Ce livre aurait dû s'appeler « Chocs frontaux » tant il est évident que le personnage principal est confronté à plusieurs problèmes essentiels de son existence, l'un touchant sa vie professionnelle, un autre sa vie de militant des droits des sans-papiers et enfin sa vie privée. Il est vrai que pour Georges Moisson, ils semblent ne faire qu'un. Ce personnage n'est pas aux prises avec des tourments psychologiques touchant à sa personnalité mais plutôt à des contradictions entre ses convictions d'homme engagé et un événement qui va marquer sa vie personnelle. J'ai donc eu l'impression de lire deux livres.

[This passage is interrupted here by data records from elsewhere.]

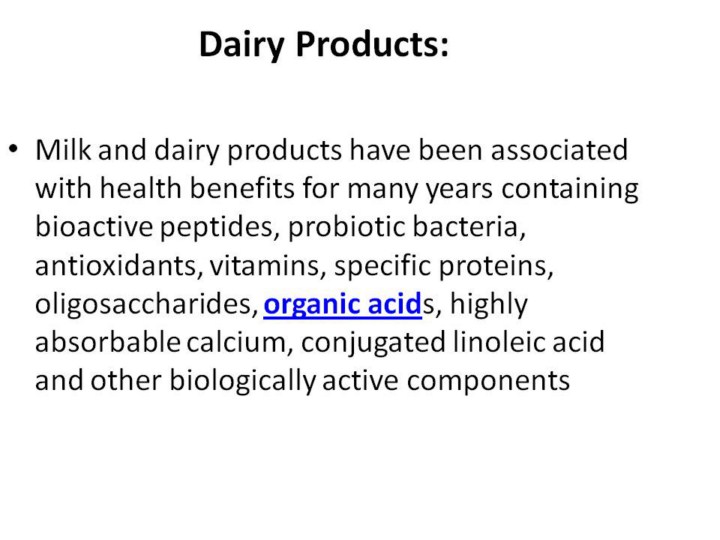 Consumer's increasing interest for maintaining or improving their health by eating these specific food products has led to the development of many new functional dairy products. These dairy products contain many functional ingredients that decrease the absorption of cholesterol, can significantly reduce blood pressure, play role in the regulation of satiety, food intake and obesity-related metabolic disorders and may exert antimicrobial effects.
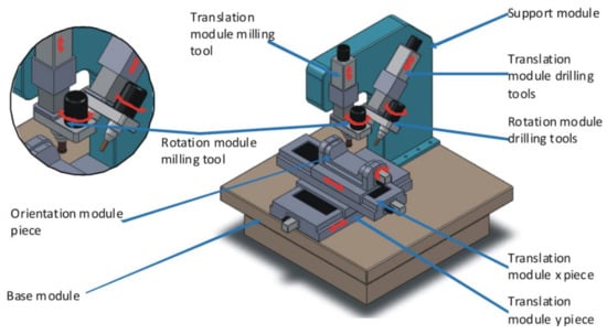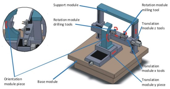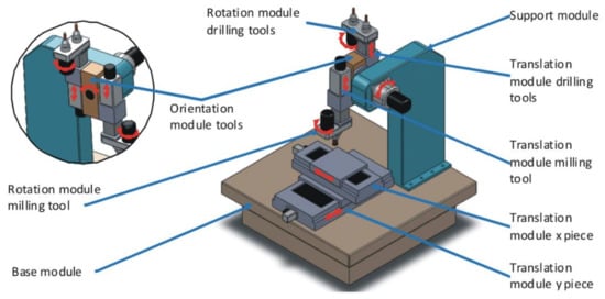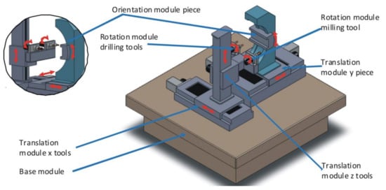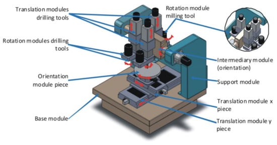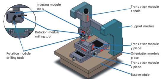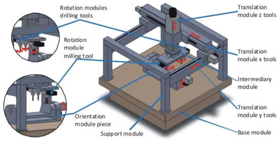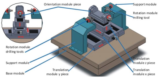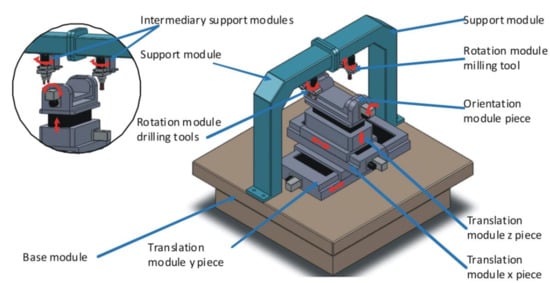 - Xu, Z.; Chen, L.; Xi, F.F.J. Towards rapid machine architecture design: Module layout synthesis for desired machine tool configurations. In Proceedings of the ASME International Engineering Design Technical Conference, Long Beach, CA, USA, 24–28 September 2005; AMER Soc Mechanical Engineers: New York, NY, USA, 2005; pp. 375–384. [Google Scholar]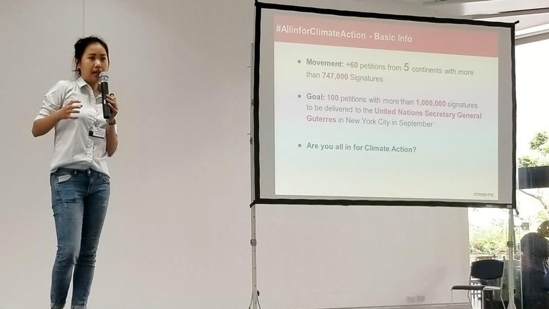 Hello all! It’s Lynn from Climate Strike Thailand. On Friday, 7 September, I went to the United Nations Headquarters in Bangkok to speak for All in For Climate Action. During a session called Action Hub—part of the Asia Pacific Climate Week, in which people from around the world came to discuss and share about climate change and fossil fuels—I spoke introduced our youth movement to the audience.

Le personnage est sympathique et il est facile, si ce n'est de s'identifier à lui, au moins de se reconnaître dans ces situations. Je ne veux pas révéler ces intrigues. Critiquer un livre c'est faire part des émotions qu'il vous a procuré tout en gardant une vigilance analytique sur sa conception et son contenu.
Comme toujours
Claude Rouge est un excellent narrateur et ce deuxième livre est écrit avec la même transparence que le premier, «
En scène », qui rend sa lecture tout aussi agréable. S'il ne me semble pas aussi cohérent, celui-ci est sans doute plus vivant. À mon sens il aurait gagné à être plus concis, quelques lieux communs constituent des scories dont on pouvait se passer. Mais la clarté de l'écriture nous permet de suivre constamment de fil conducteur de cette histoire.
En fermant la dernière page j'ai repris la quatrième de couverture. D'après elle le livre parle principalement de la profonde contradiction que Georges Moisson ressent lorsque « sa fille Marielle lui annonce qu'elle va se marier à un musulman et de son propre gré se convertir à l'Islam ». Là se pose un problème, car c'est bien le sujet du début et de la fin du livre. Mais, entre les deux, ce sont de toute évidence son engagement militant et sa vie professionnelle qui constituent le noyau du livre, d'où ma surprise. On pourrait donc dire que le livre ne tient pas ses promesses.
Mais cette petite part du livre est d'une intensité si grande que j'ai envie de demander à l'auteur de traiter le sujet à fond avec la même conviction plutôt que de l'effleurer. D'où vient cette timidité à aller au fond du projet ? Est-ce l'aspect psychologique de la question qui l'en empêche ? Serait-ce l'impression de livrer une part de soi-même qui créerait une inhibition ? On se perd en conjectures bien entendu. Il ne nous reste plus qu'a demander à l'auteur d'écrire un troisième roman que nous attendons avec impatience.